DATA SHOWN:
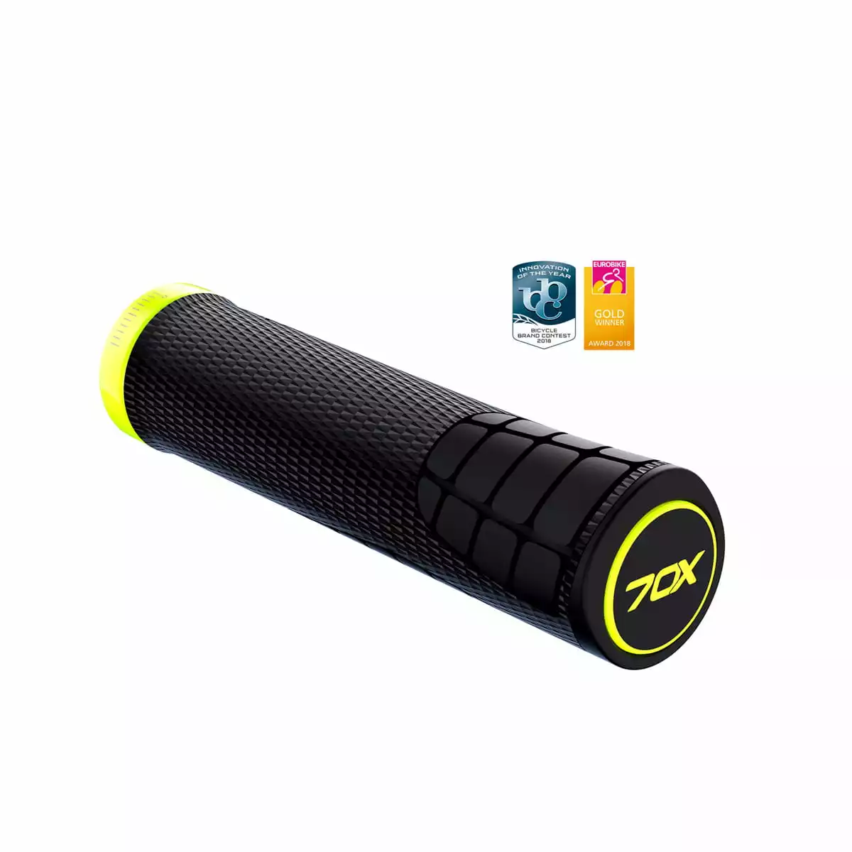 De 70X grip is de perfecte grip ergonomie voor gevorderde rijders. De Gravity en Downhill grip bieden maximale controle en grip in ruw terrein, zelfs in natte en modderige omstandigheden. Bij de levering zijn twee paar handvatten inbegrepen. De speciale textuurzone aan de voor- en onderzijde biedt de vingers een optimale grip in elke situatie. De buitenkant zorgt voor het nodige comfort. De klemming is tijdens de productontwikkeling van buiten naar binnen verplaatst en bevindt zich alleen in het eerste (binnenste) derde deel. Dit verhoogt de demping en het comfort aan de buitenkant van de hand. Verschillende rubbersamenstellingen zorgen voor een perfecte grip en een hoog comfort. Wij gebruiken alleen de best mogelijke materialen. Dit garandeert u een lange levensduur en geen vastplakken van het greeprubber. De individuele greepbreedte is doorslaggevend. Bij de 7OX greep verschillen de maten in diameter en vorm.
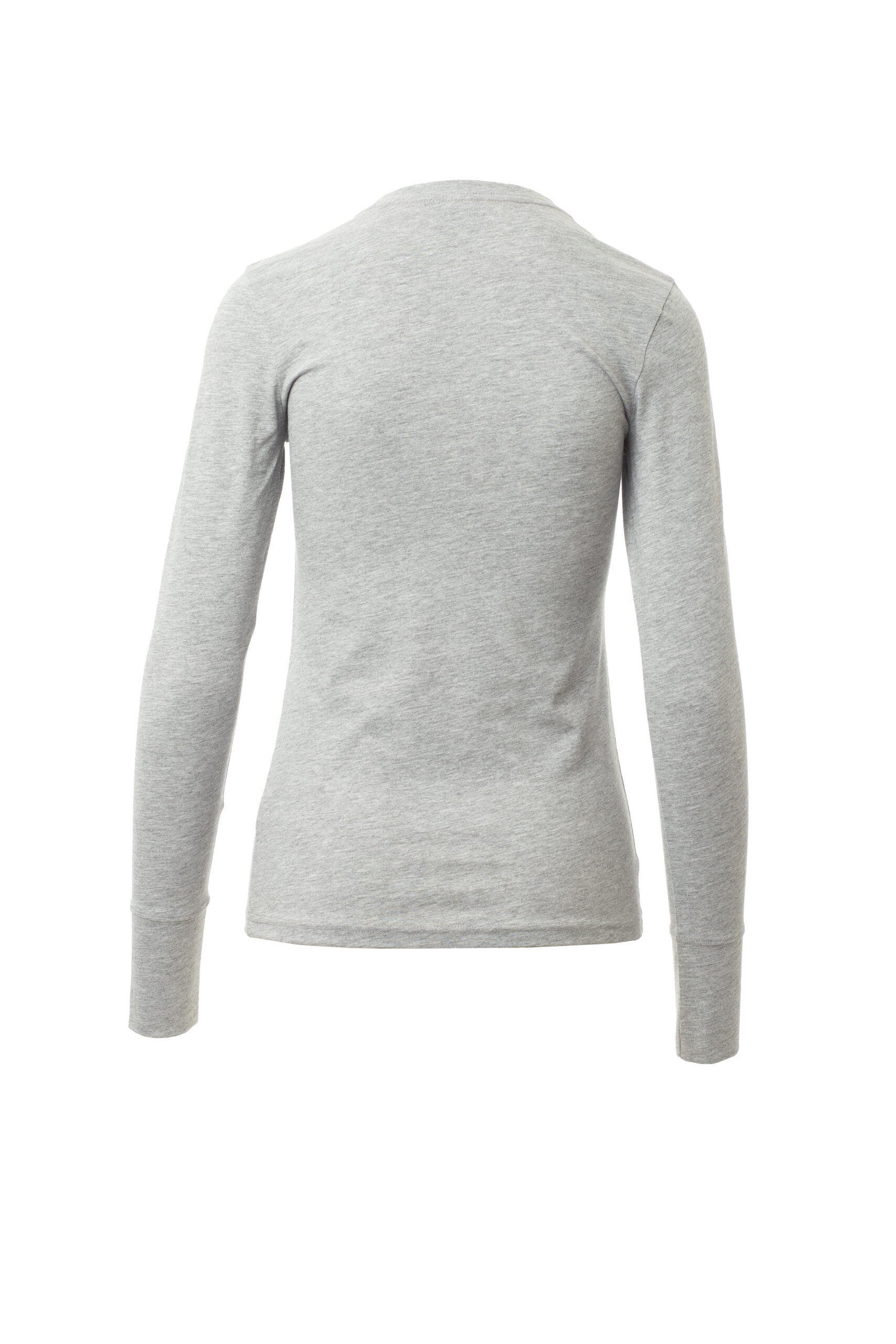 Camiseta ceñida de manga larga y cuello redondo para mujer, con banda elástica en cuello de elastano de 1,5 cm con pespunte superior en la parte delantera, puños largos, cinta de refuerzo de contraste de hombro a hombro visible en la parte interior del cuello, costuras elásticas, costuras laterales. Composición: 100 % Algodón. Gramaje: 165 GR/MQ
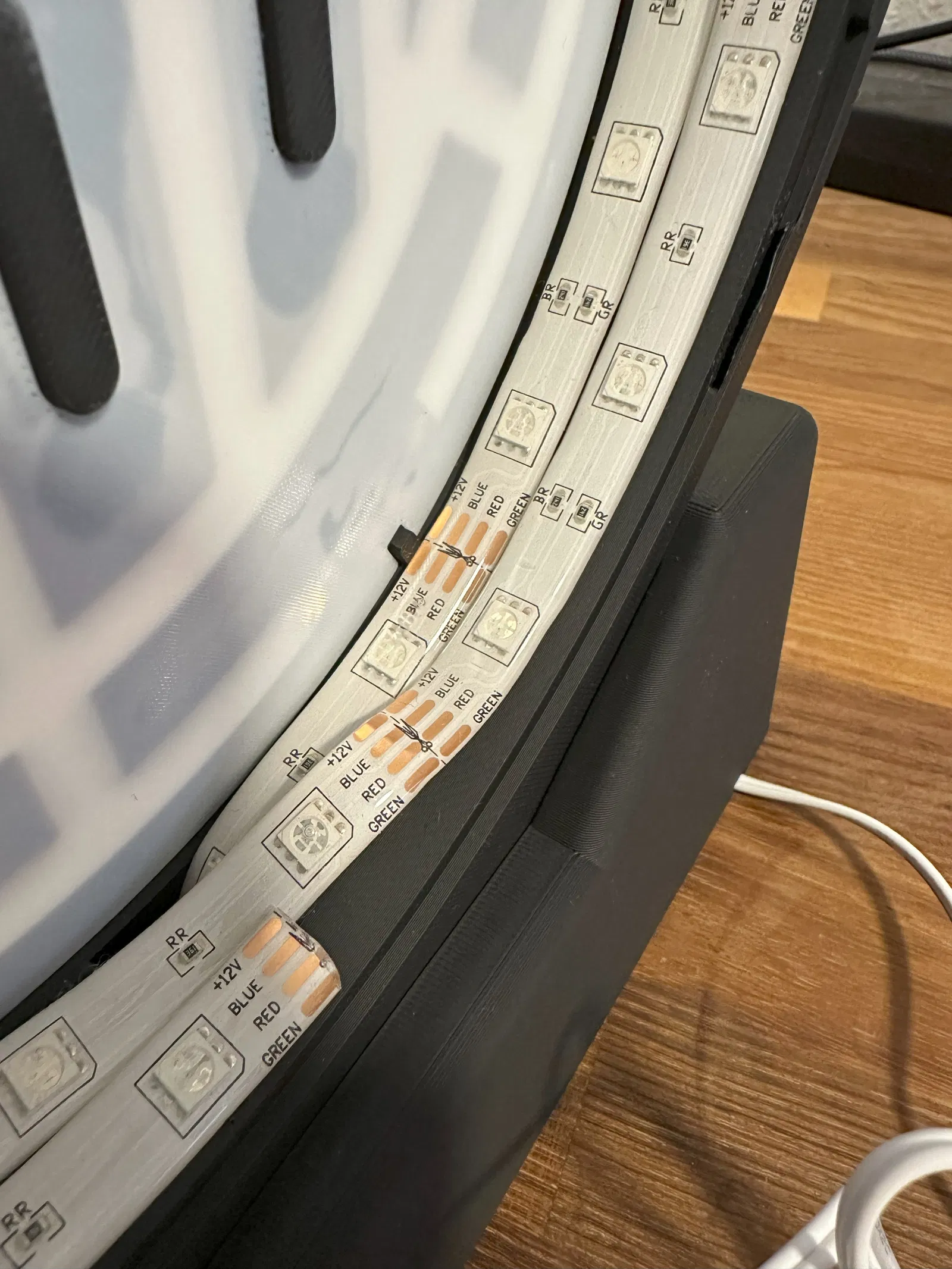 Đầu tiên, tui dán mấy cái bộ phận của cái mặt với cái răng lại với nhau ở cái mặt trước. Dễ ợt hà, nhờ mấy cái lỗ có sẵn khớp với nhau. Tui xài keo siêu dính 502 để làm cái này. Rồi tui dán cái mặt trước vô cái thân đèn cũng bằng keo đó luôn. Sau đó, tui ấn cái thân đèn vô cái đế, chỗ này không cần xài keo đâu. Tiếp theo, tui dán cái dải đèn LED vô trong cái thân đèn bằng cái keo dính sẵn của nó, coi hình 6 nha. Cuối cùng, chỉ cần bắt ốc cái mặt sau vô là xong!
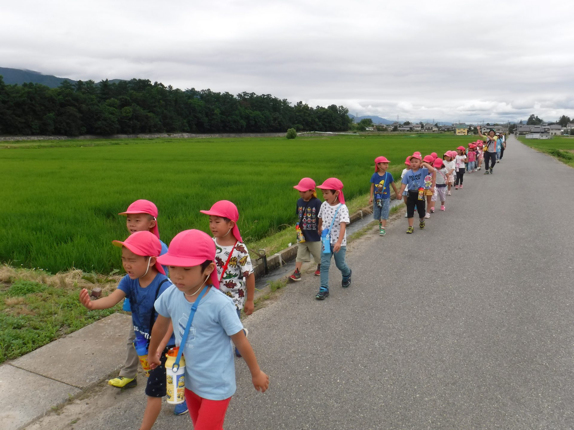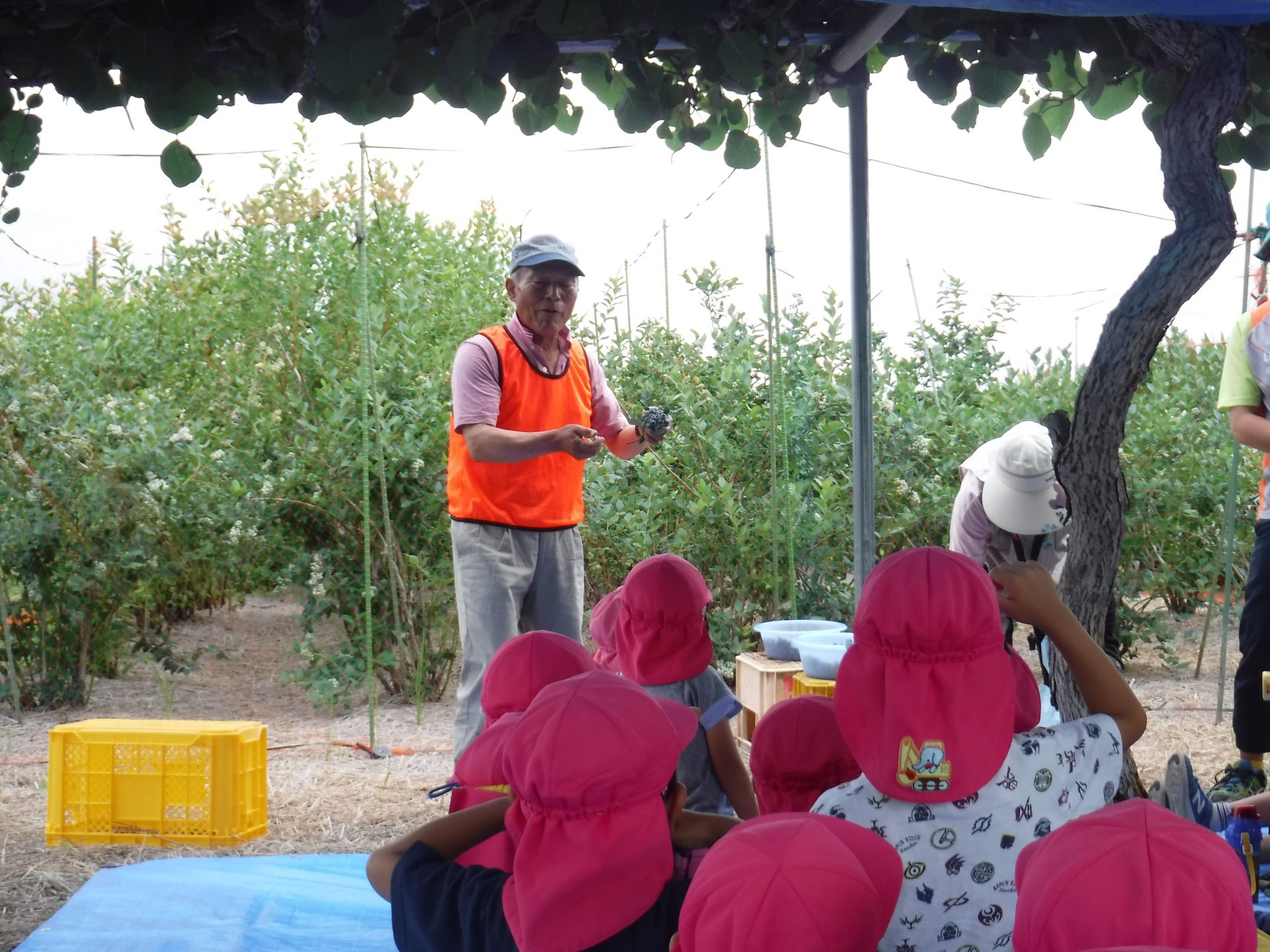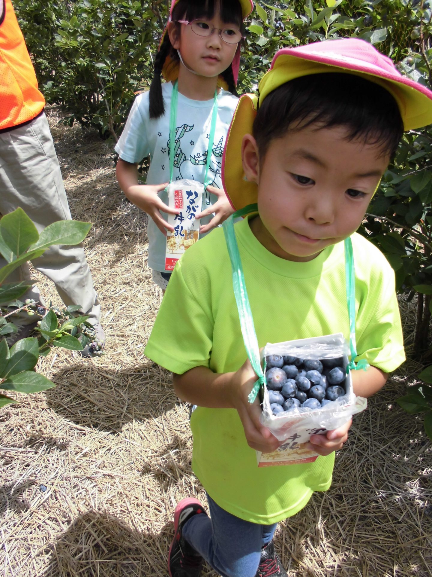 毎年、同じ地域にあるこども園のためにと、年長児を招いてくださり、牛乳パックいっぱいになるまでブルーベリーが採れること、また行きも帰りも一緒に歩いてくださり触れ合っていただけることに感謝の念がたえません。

PROMPT: Pictures aside, retype the material exactly.

WRITTEN RESPONSE:
 De 70X grip is de perfecte grip ergonomie voor gevorderde rijders. De Gravity en Downhill grip bieden maximale controle en grip in ruw terrein, zelfs in natte en modderige omstandigheden. Bij de levering zijn twee paar handvatten inbegrepen. De speciale textuurzone aan de voor- en onderzijde biedt de vingers een optimale grip in elke situatie. De buitenkant zorgt voor het nodige comfort. De klemming is tijdens de productontwikkeling van buiten naar binnen verplaatst en bevindt zich alleen in het eerste (binnenste) derde deel. Dit verhoogt de demping en het comfort aan de buitenkant van de hand. Verschillende rubbersamenstellingen zorgen voor een perfecte grip en een hoog comfort. Wij gebruiken alleen de best mogelijke materialen. Dit garandeert u een lange levensduur en geen vastplakken van het greeprubber. De individuele greepbreedte is doorslaggevend. Bij de 7OX greep verschillen de maten in diameter en vorm.
 Camiseta ceñida de manga larga y cuello redondo para mujer, con banda elástica en cuello de elastano de 1,5 cm con pespunte superior en la parte delantera, puños largos, cinta de refuerzo de contraste de hombro a hombro visible en la parte interior del cuello, costuras elásticas, costuras laterales. Composición: 100 % Algodón. Gramaje: 165 GR/MQ
 Đầu tiên, tui dán mấy cái bộ phận của cái mặt với cái răng lại với nhau ở cái mặt trước. Dễ ợt hà, nhờ mấy cái lỗ có sẵn khớp với nhau. Tui xài keo siêu dính 502 để làm cái này. Rồi tui dán cái mặt trước vô cái thân đèn cũng bằng keo đó luôn. Sau đó, tui ấn cái thân đèn vô cái đế, chỗ này không cần xài keo đâu. Tiếp theo, tui dán cái dải đèn LED vô trong cái thân đèn bằng cái keo dính sẵn của nó, coi hình 6 nha. Cuối cùng, chỉ cần bắt ốc cái mặt sau vô là xong!
 毎年、同じ地域にあるこども園のためにと、年長児を招いてくださり、牛乳パックいっぱいになるまでブルーベリーが採れること、また行きも帰りも一緒に歩いてくださり触れ合っていただけることに感謝の念がたえません。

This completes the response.